■ Requirement:
Take the lines from the one with "Zur Erfassung eines" through the end of the material below and repeat them exactly, dropping every picture.

# # #

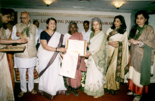 RECIPIENT - Smt. Chinnapillai (2000) OUTSTANDING CONTRIBUTION - Landless agricultural labourer from Madurai is the Founder Executive Committee member of 'Kalanjiam' savings credit and self-help movement of poor women. She has led many successful struggles to establish rights and entitlement of poor women and fought against corrupt politicians, officials, landlords and money lenders, etc.
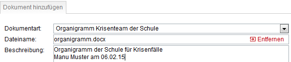 Zur Erfassung eines neuen ‚Organigramm Krisenteam der Schule‘ im Format *.doc(x) oder *.pdf wählen Sie die entsprechende Dokumentenart aus und verfahren wie oben beschrieben.
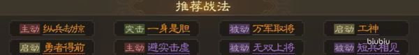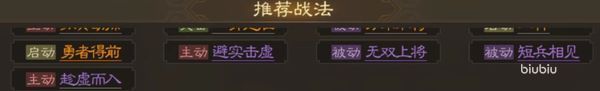 除了上面介绍的两个之外,大家还可以再带上纵兵劫掠,一身是胆,万军取将,工神,勇者得前,避实击虚,无双上将,短兵相见以及乘虚而入,这几个战法也是特别适合该角色的,他们有着各自不同的特点,但大部分主要是给角色提供伤害加成效果。
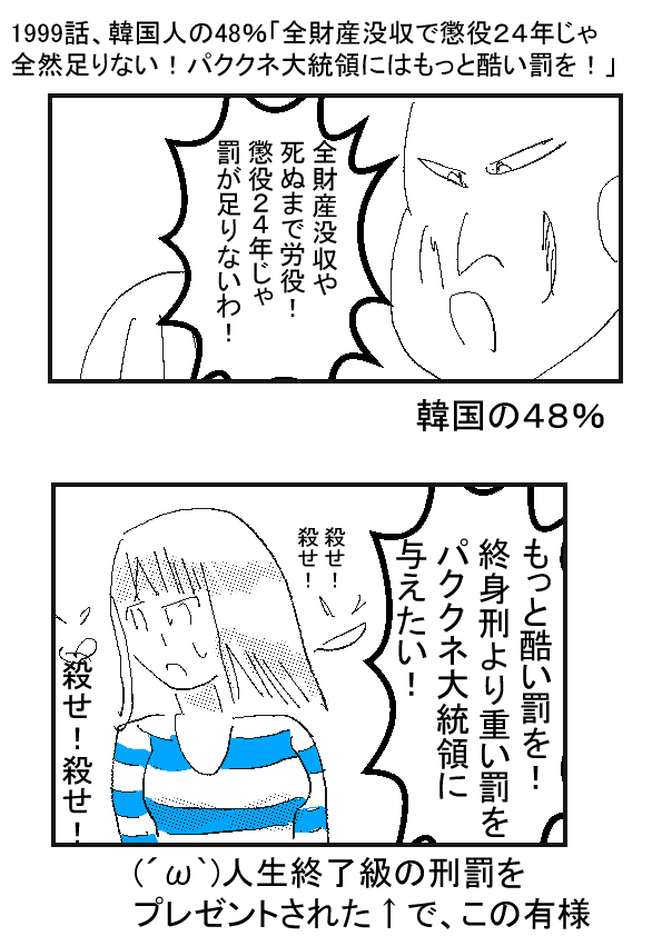 東アジアの歴史・現代ニュース【738] 韓国人の48%「全財産没収で懲役24年じゃ全然足りない!パククネ大統領にはもっと酷い罰を!」 |
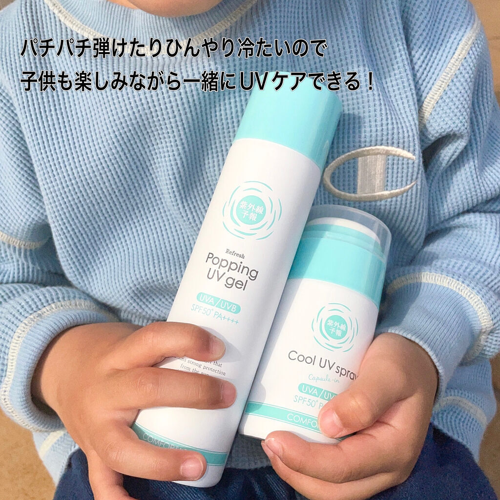 紫外線だけでなく暑さから逃れたい日が多かった印象です💦 毎日UVケアはするものの汗ですぐ流れてしまう… スプレーして出た泡を体に塗り広げると、パチパチ音を立てて肌をひんやりリフレッシュできます✨ 肌に優しい処方で石けんで落とせ、1歳から使用できます!! 家族みんなで使えるところも推せますね🩵

# # #

■ Answer section:
 Zur Erfassung eines neuen ‚Organigramm Krisenteam der Schule‘ im Format *.doc(x) oder *.pdf wählen Sie die entsprechende Dokumentenart aus und verfahren wie oben beschrieben.
 除了上面介绍的两个之外,大家还可以再带上纵兵劫掠,一身是胆,万军取将,工神,勇者得前,避实击虚,无双上将,短兵相见以及乘虚而入,这几个战法也是特别适合该角色的,他们有着各自不同的特点,但大部分主要是给角色提供伤害加成效果。
 東アジアの歴史・現代ニュース【738] 韓国人の48%「全財産没収で懲役24年じゃ全然足りない!パククネ大統領にはもっと酷い罰を!」 |
 紫外線だけでなく暑さから逃れたい日が多かった印象です💦 毎日UVケアはするものの汗ですぐ流れてしまう… スプレーして出た泡を体に塗り広げると、パチパチ音を立てて肌をひんやりリフレッシュできます✨ 肌に優しい処方で石けんで落とせ、1歳から使用できます!! 家族みんなで使えるところも推せますね🩵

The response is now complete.